Description of the task >> Return the data below exactly, minus the pictures.
##### Input data #####
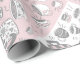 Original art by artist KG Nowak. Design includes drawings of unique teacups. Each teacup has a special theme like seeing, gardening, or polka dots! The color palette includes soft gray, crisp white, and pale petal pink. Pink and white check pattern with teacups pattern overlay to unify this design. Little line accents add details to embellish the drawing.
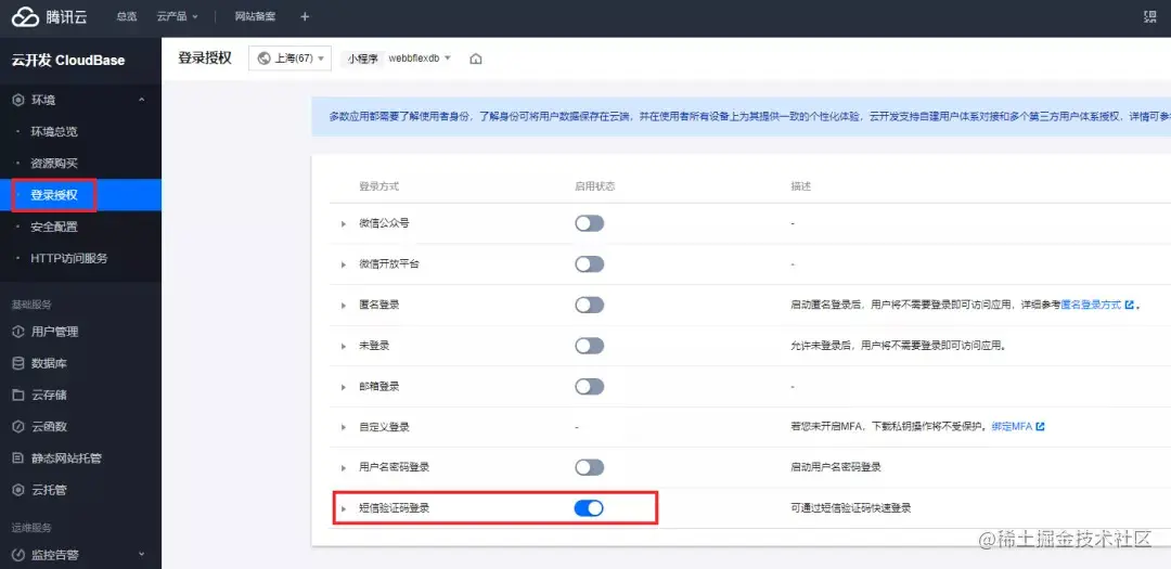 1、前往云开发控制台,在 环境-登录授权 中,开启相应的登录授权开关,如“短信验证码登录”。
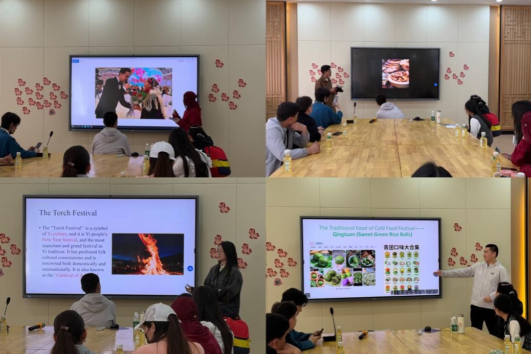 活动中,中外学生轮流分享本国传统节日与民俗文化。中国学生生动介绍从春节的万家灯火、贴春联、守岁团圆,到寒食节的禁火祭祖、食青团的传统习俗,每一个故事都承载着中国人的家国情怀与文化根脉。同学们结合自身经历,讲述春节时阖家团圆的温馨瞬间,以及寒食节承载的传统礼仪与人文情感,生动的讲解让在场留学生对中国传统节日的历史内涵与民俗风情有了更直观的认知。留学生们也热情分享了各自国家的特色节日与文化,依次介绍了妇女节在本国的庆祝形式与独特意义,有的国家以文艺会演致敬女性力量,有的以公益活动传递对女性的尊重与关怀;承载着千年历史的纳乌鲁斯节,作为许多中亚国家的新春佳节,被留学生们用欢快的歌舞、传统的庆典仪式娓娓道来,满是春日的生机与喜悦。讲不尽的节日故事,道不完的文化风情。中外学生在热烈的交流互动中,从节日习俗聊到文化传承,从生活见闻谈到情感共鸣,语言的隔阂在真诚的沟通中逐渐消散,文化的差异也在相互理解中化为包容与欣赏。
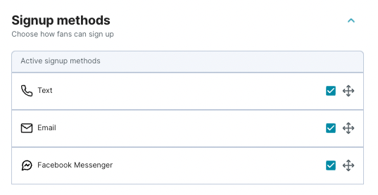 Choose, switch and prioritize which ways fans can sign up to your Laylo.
#####
Answer section >>
 Original art by artist KG Nowak. Design includes drawings of unique teacups. Each teacup has a special theme like seeing, gardening, or polka dots! The color palette includes soft gray, crisp white, and pale petal pink. Pink and white check pattern with teacups pattern overlay to unify this design. Little line accents add details to embellish the drawing.
 1、前往云开发控制台,在 环境-登录授权 中,开启相应的登录授权开关,如“短信验证码登录”。
 活动中,中外学生轮流分享本国传统节日与民俗文化。中国学生生动介绍从春节的万家灯火、贴春联、守岁团圆,到寒食节的禁火祭祖、食青团的传统习俗,每一个故事都承载着中国人的家国情怀与文化根脉。同学们结合自身经历,讲述春节时阖家团圆的温馨瞬间,以及寒食节承载的传统礼仪与人文情感,生动的讲解让在场留学生对中国传统节日的历史内涵与民俗风情有了更直观的认知。留学生们也热情分享了各自国家的特色节日与文化,依次介绍了妇女节在本国的庆祝形式与独特意义,有的国家以文艺会演致敬女性力量,有的以公益活动传递对女性的尊重与关怀;承载着千年历史的纳乌鲁斯节,作为许多中亚国家的新春佳节,被留学生们用欢快的歌舞、传统的庆典仪式娓娓道来,满是春日的生机与喜悦。讲不尽的节日故事,道不完的文化风情。中外学生在热烈的交流互动中,从节日习俗聊到文化传承,从生活见闻谈到情感共鸣,语言的隔阂在真诚的沟通中逐渐消散,文化的差异也在相互理解中化为包容与欣赏。
 Choose, switch and prioritize which ways fans can sign up to your Laylo.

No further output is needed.